Harmoney seems to have adjusted the platform RARs upwards.
For many months, I remember the platform RAR as below 10. From my records (I take a snapshot of my dashboard every month) the platform RAR was 9.98% at 31 May 2018 and had been dropping since then to as low as 9.72 at the end of 2018. Suddenly it is now above 10. Looking at the graph in Market Stats, the platform RAR (in the present graph) had stayed above 10% throughout. So the line had been moved up the last few days!! Occasionally, I also record down the Retail RAR and it seems the graph had been changed as well for the Retail RAR. Wonder what is the rationale for them tweaking it.
Which peers are being serviced by Harmoney?
Quote:
Originally Posted by
BJ1
No argument there. I'm sitting on 13.5% cash and taken only one loan this month.
If retail lenders are being sidetracked for the benefit of wholesalers, perhaps it is time someone checked whether they are still functioning under an appropriate license.

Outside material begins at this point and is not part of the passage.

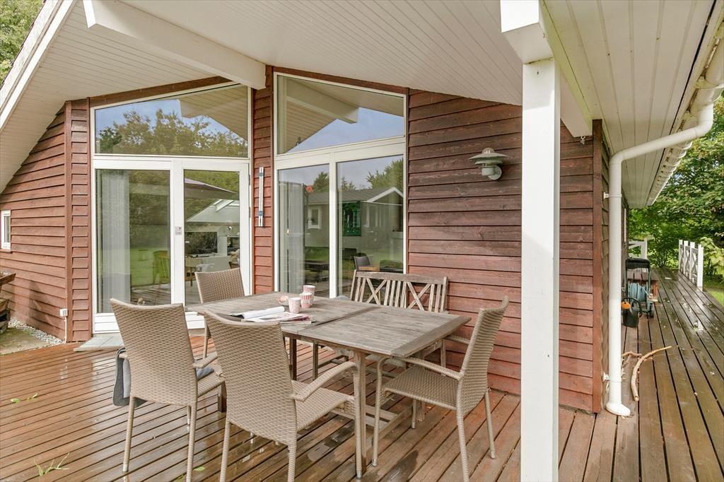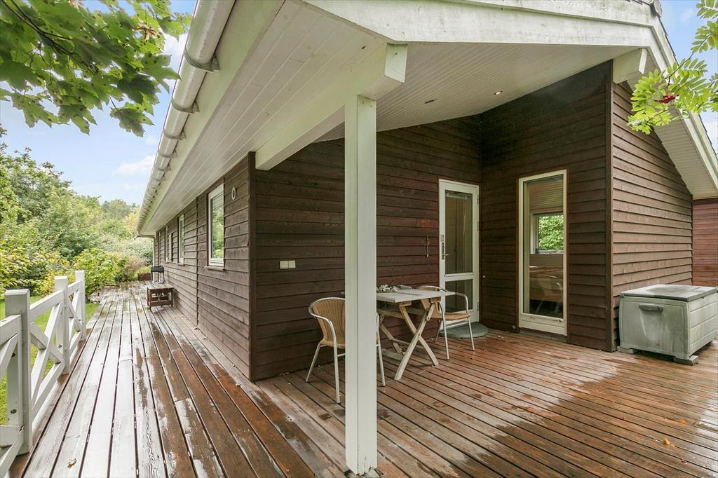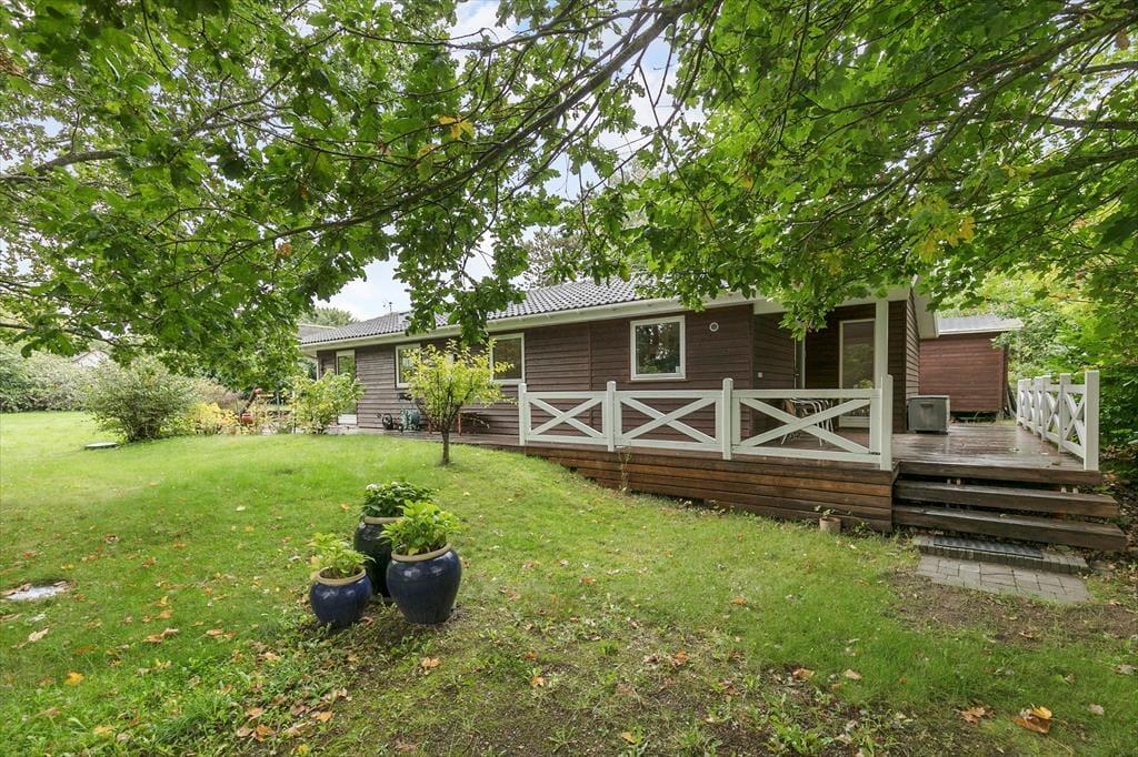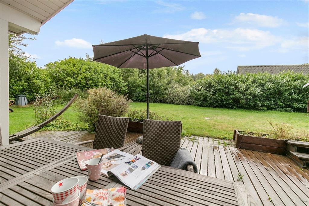 Huset har en 1262 m2 grund med en delvis overdækket terrasse. Ved feriehuset er der havemøbler, grill og trampolin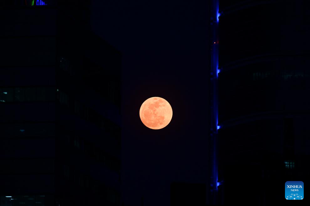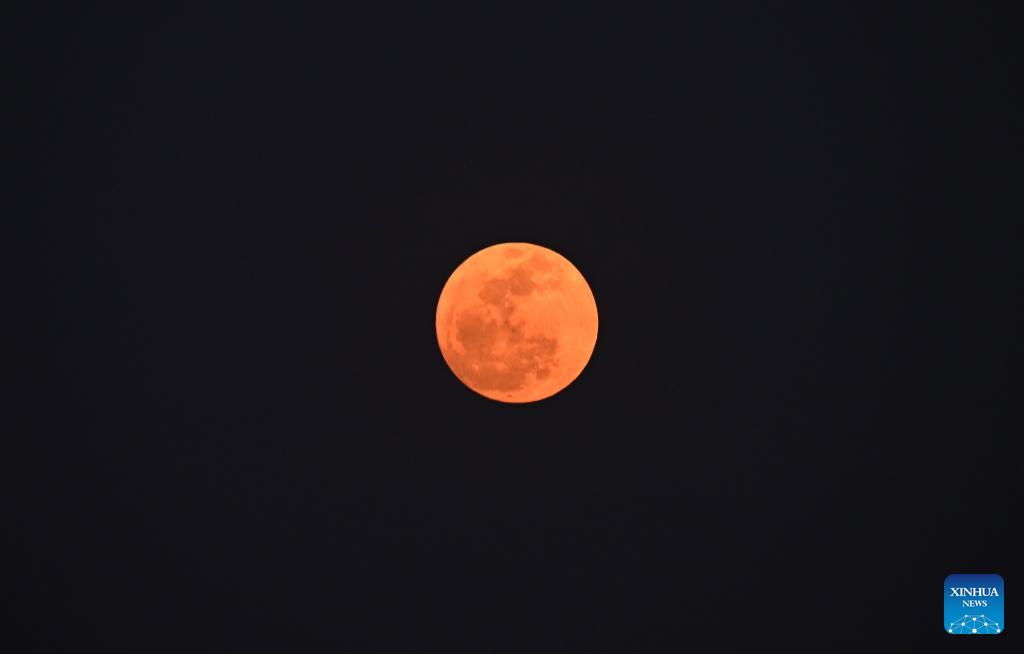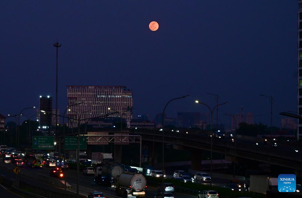 A full moon is pictured from Jakarta, Indonesia, Aug. 19, 2024. (Xinhua/Zulkarnain)

Who are the core clients of a P2P business?
Quote:
Originally Posted by
BJ1
Trouble is, Beacon, that none of us are likely to get returns as good as these on the sums we have in Harmoney. There are many things I don't like about Harmoney's systems, behaviours, practices, but every time I feel disgruntled enough to ring the FMA, I rethink as I don't want to kill the golden goose.
Fair point BJ1, but returns have been good in a goldilocks economy. Harmoney hasn't been tested by a recession yet, and losses are already 4-5% of issued capital - chewing through roughly a quarter of gross income in golden times.
That works for the wholesalers, as they have this income hasslefree and without associated variable and fixed costs of bricks and mortar lending shops.
Meanwhile, the retail peer waits all day to get a measly fill of orders, if they have indeed been diverted to wholesale. Seems the golden goose has gotten too comfortable laying skinnier eggs for its core clientele.